D’après lui, la grande majorité des Québécois sont encore respectueux. « Les insultes lancées par les “courageux” qui se cachent derrière un écran pour agresser les autres, ça ne m’impressionne pas pantoute. Ce sont des personnes lâches », fustige aussi M. Legault, en parlant de « pissous virtuels ».

Le climat toxique « trop intense » pour plusieurs élus

Quoique marginaux, ces internautes « font des dégâts parmi nos jeunes » et « auprès des élus », rappelle le premier ministre, en faisant référence à la série d’élus municipaux qui ont quitté l’arène politique récemment, en raison des messages haineux qu’ils recevaient en ligne.

Mardi dernier, le maire de Mont-Royal, Philippe Roy, a annoncé qu’il ne solliciterait pas de nouveau mandat en novembre, en citant le climat toxique des débats publics. Selon lui, même sa conjointe n’échappait pas aux attaques sur les réseaux sociaux. « C’est devenu un peu trop intense », a-t-il confié à La Presse. Quelques jours avant, c’était le maire de Verdun, Jean-François Parenteau, qui révélait qu’il se retirerait en novembre, sensiblement pour les mêmes raisons.

La mairesse de Longueuil, Sylvie Parent, a aussi été victime d’intimidation en ligne dans la foulée du dossier des cerfs du parc Michel-Chartrand.

« Ce sont toutes les personnes publiques – artistes, sportifs, animateurs, etc. – qui subissent les insultes, les obscénités, les menaces », illustre M. Legault, pour qui la critique saine et constructive est « normale », pour peu qu’elle ne tombe pas dans le contenu haineux ou violent. « Une des choses que j’appréciais le plus de cette page, c’était de vous lire. Vos encouragements, bien entendu. Mais aussi de lire les critiques, les problèmes que certaines personnes vivaient et qu’elles exprimaient avec respect », conclut-il.

Un débat à avoir

Pour le professeur de droit de l’Université Laval Louis-Philippe Lampron, spécialiste des droits et des libertés de la personne, la modération de commentaires en ligne comporte des risques dans la sphère politique.
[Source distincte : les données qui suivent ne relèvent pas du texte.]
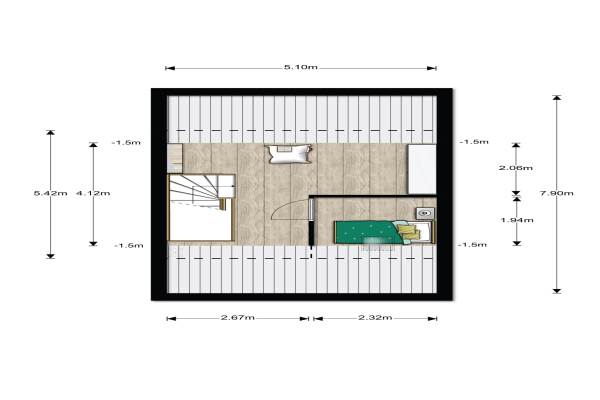 Het adres van deze woning uit 2012 is Van Garderenerf 5 te Veenendaal. Het pand heeft een oppervlakte van 102m² en een perceeloppervlakte van 117m² en heeft 5 kamers kamers waarvan 4 slaapkamers. De geschatte waarde van deze woning is € 244.500.

« Oui, il y en a qui dépassent les bornes et qui tombent dans le personnel. Les élus demeurent des humains après tout, donc, à ce moment, le blocage est acceptable. Le problème, c’est que le terme “agressif” ou “violent” peut vite être instrumentalisé. Si on commence à jouer sur les mots et qu’on exclut quelqu’un à cause d’une critique virulente, ça ne marche pas. Le risque est là », analyse l’enseignant en entrevue.

À ses yeux, le meilleur moyen de prévenir des abus, d’un côté comme de l’autre, serait de confier la modération des pages des élus à une « instance gouvernementale » indépendante, qui aurait une politique claire et qui aurait pour mandat de « protéger les élus » en cas d’intimidation, par exemple. « Ça ne devrait pas être à l’équipe du premier ministre de trancher. Sinon, il y a le danger que ça devienne une page publicitaire, avec que des fans de François Legault, alors qu’il se sert de sa page pour communiquer avec la population », insiste M. Lampron.

« Il y a un débat à avoir à l’Assemblée nationale là-dessus. Pour moi, la solution d’Yves-François Blanchet – de dire que c’est sa page personnelle –, on doit l’exclure d’un revers de main. Ça reste des canaux publics où on véhicule du contenu aux citoyens », conclut le spécialiste.